Official: County must cut $2.5M
Court workers should share in the sacrifices in 2010, the administrator says.
YOUNGSTOWN — To balance its general fund budget in 2010, Mahoning County must sustain the $6 million in spending cuts it achieved last year and cut an additional $2.5 million to $3 million in spending, said George J. Tablack, county administrator and budget director.
“2010 will be the most challenging year financially for Mahoning County in all the years I worked with it,” said Tablack, who became county auditor in 1987 and assumed his current titles about four years ago.
Carol McFall, chief deputy county auditor, said, however, that she believes the county went through worse financial turmoil when the county sales taxes were being voted on and off between 1997 and 2004, causing mass layoffs of county employees and closing of parts of the county jail.
Last November, the voters rejected a continuous renewal of one of the county’s two half-percent sales taxes. If it isn’t renewed in May, collections of that sales tax will end Sept. 30, 2010, and the county’s receipt of revenues from it will cease at the end of 2010.
McFall warned that a tax failure in May would force the county to quickly make additional spending cuts in 2010 in anticipation of the loss of sales tax revenue in 2011.
The voters made the other half-percent sales tax continuous in May 2007. Each sales tax raises between $13 million and $14 million annually for the general fund, which is the county’s main operating fund.
“When you lose $9 million in a single year, the answer isn’t closing part of the jail or cutting back on services to the public,” Tablack said. Instead, he said, the answer is employee concessions and other cost cuts.
Tablack was referring to the recession-induced decline in general fund revenue from $66.2 million in 2008 to $57.5 million in 2009, with about $57 million in revenue being projected for 2010.
The difference between the $57.5 million in revenue and $61.1 million in expenses for the general fund in 2009 was made up though a combination of spending cuts, use of reserve funds and debt refinancing, with only $1 million in uncommitted funds being carried over into 2010, McFall said.
Among the refinanced debts was $3 million for county jail construction. The debt was refinanced for 14 additional years until 2023, McFall said. The county’s $36 million jail opened in 1996.
The $6 million in spending cuts were made last year through layoffs and other cost reductions and shifting of some court expenses from the general fund to special projects funds derived from court filing fees, Tablack said.

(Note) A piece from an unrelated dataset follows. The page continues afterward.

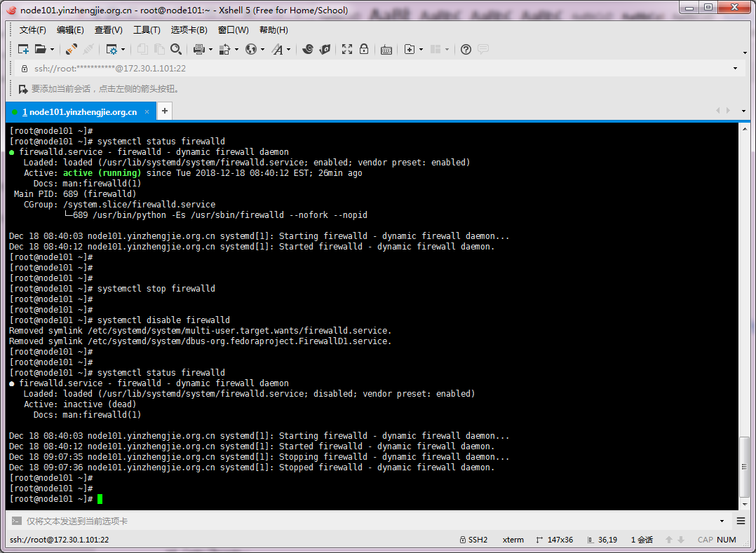 [root@node101 ~]# systemctl status firewalld ● firewalld.service - firewalld - dynamic firewall daemon Loaded: loaded (/usr/lib/systemd/system/firewalld.service; enabled; vendor preset: enabled) Active: active (running) since Tue 2018-12-18 08:40:12 EST; 26min ago Docs: man:firewalld(1) Main PID: 689 (firewalld) CGroup: /system.slice/firewalld.service └─689 /usr/bin/python -Es /usr/sbin/firewalld --nofork --nopid Dec 18 08:40:03 node101.yinzhengjie.org.cn systemd[1]: Starting firewalld - dynamic firewall daemon... Dec 18 08:40:12 node101.yinzhengjie.org.cn systemd[1]: Started firewalld - dynamic firewall daemon. [root@node101 ~]# [root@node101 ~]# [root@node101 ~]# [root@node101 ~]# systemctl stop firewalld [root@node101 ~]# [root@node101 ~]# [root@node101 ~]# systemctl disable firewalld Removed symlink /etc/systemd/system/multi-user.target.wants/firewalld.service. Removed symlink /etc/systemd/system/dbus-org.fedoraproject.FirewallD1.service. [root@node101 ~]# [root@node101 ~]# [root@node101 ~]# systemctl status firewalld ● firewalld.service - firewalld - dynamic firewall daemon Loaded: loaded (/usr/lib/systemd/system/firewalld.service; disabled; vendor preset: enabled) Active: inactive (dead) Docs: man:firewalld(1) Dec 18 08:40:03 node101.yinzhengjie.org.cn systemd[1]: Starting firewalld - dynamic firewall daemon... Dec 18 08:40:12 node101.yinzhengjie.org.cn systemd[1]: Started firewalld - dynamic firewall daemon. Dec 18 09:07:35 node101.yinzhengjie.org.cn systemd[1]: Stopping firewalld - dynamic firewall daemon... Dec 18 09:07:36 node101.yinzhengjie.org.cn systemd[1]: Stopped firewalld - dynamic firewall daemon. [root@node101 ~]#

Employees took unpaid floating holidays in the clerk of courts, commissioners and sheriff’s offices and the facilities department, Tablack said.
Tablack said he hopes the common pleas court trial judges will reconsider their decision to increase the court’s employee contribution from 5 percent to only 7.5 percent of health-care premiums, instead of raising them to the 10 percent most county workers pay.
In a recent budget hearing, Judge John M. Durkin said the annual savings would only be $20,000 if court employees went from 5 percent to 10 percent health-care premium contributions.
But Tablack told the judge the court workers would be setting an example for other county workers if they paid 10 percent.
“How do you sit at the bargaining table with the unions [representing other county workers] and talk about equity” when such disparities exist? Tablack asked in a Thursday interview. “Too many people think it’s someone else’s responsibility to cut costs,” Tablack observed.
Although personnel costs constitute the largest part of the general fund, McFall said the county needs to explore spending cuts in repairs and maintenance, equipment and office supply purchases, postage, utilities, telephone service, fuel, travel, food for the jail and juvenile justice center, and periodical subscriptions.
“The real solution comes from the departments sitting down and working together to try to come up with innovative ways to cut expenses, but, at the same time, we also have to find new sources of revenue,” such as grants and special projects funding, McFall said.
“We need to make sure that we’re collecting everything that is due us,” including current and delinquent real estate taxes, she said.
As a private business would manage its money, “We’ve got to cut what goes out and increase what comes in,” McFall added.